## Exercise aim
Each line below is to be copied exactly; images do not go into the copy.

## Data extract
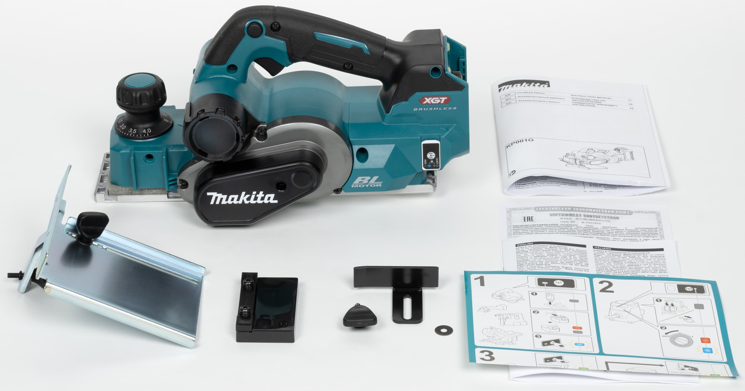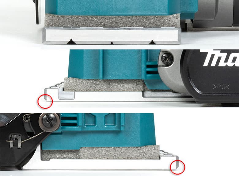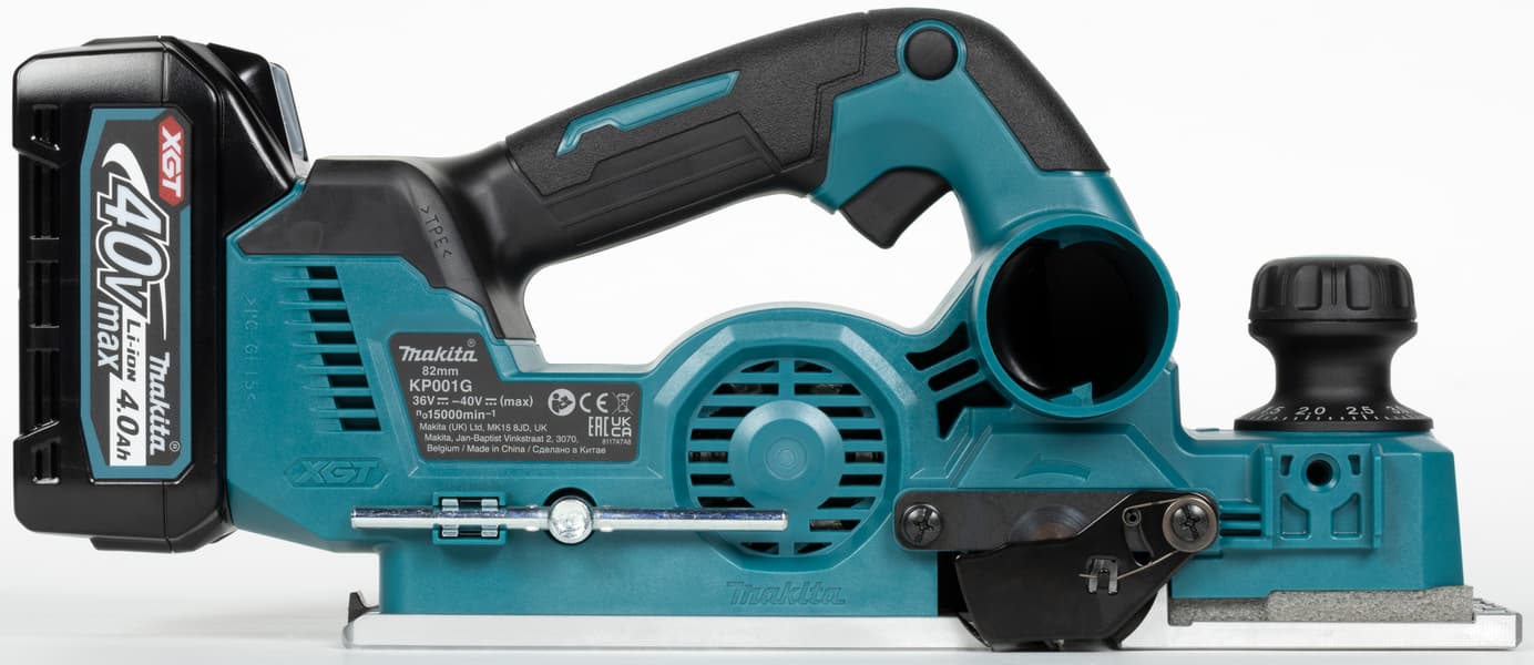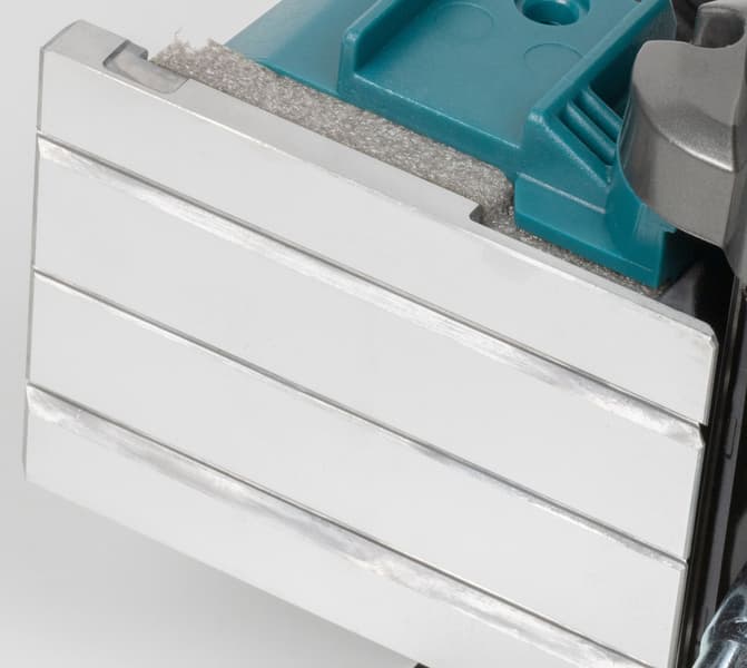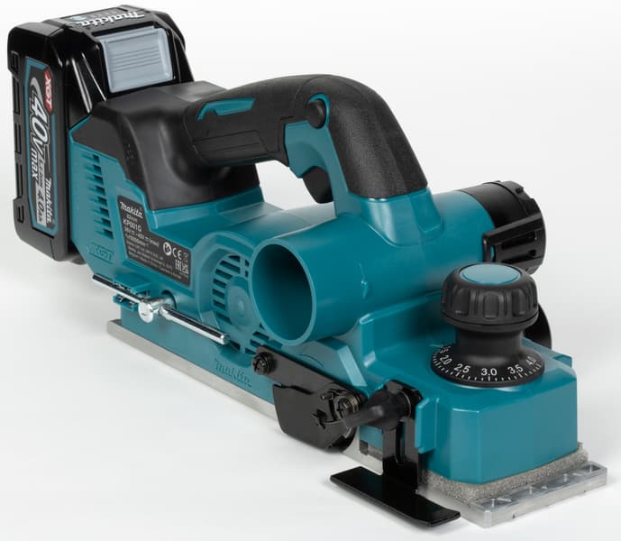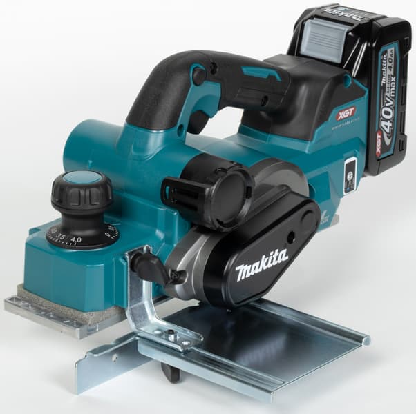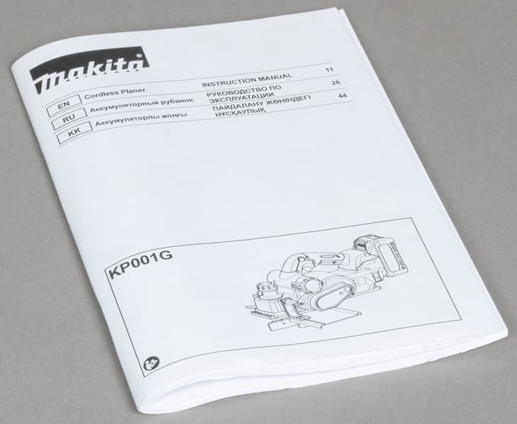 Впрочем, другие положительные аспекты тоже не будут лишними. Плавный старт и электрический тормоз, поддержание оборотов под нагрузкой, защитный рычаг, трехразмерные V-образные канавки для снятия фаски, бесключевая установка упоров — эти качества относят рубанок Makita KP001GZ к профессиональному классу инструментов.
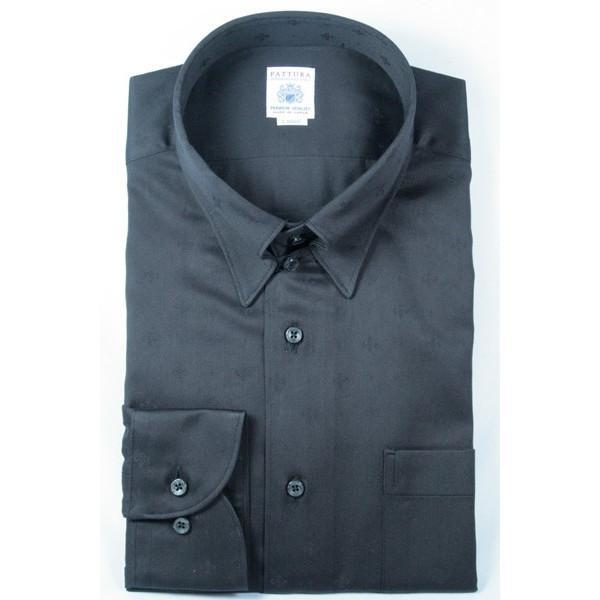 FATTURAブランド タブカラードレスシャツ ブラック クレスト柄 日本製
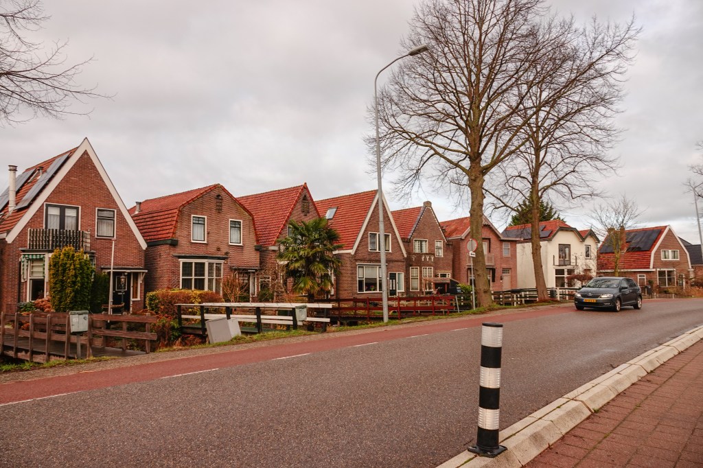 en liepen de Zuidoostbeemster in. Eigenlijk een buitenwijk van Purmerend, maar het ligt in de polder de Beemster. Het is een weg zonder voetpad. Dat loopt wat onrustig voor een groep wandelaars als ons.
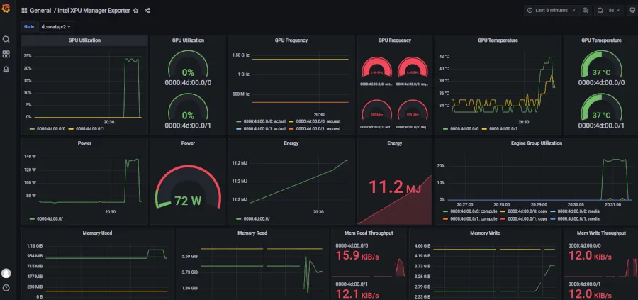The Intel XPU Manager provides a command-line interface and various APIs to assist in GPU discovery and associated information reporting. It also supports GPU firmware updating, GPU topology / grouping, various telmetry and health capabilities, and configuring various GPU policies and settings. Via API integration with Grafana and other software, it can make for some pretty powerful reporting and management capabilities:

## Written response
 Впрочем, другие положительные аспекты тоже не будут лишними. Плавный старт и электрический тормоз, поддержание оборотов под нагрузкой, защитный рычаг, трехразмерные V-образные канавки для снятия фаски, бесключевая установка упоров — эти качества относят рубанок Makita KP001GZ к профессиональному классу инструментов.
 FATTURAブランド タブカラードレスシャツ ブラック クレスト柄 日本製
 en liepen de Zuidoostbeemster in. Eigenlijk een buitenwijk van Purmerend, maar het ligt in de polder de Beemster. Het is een weg zonder voetpad. Dat loopt wat onrustig voor een groep wandelaars als ons.
The Intel XPU Manager provides a command-line interface and various APIs to assist in GPU discovery and associated information reporting. It also supports GPU firmware updating, GPU topology / grouping, various telmetry and health capabilities, and configuring various GPU policies and settings. Via API integration with Grafana and other software, it can make for some pretty powerful reporting and management capabilities:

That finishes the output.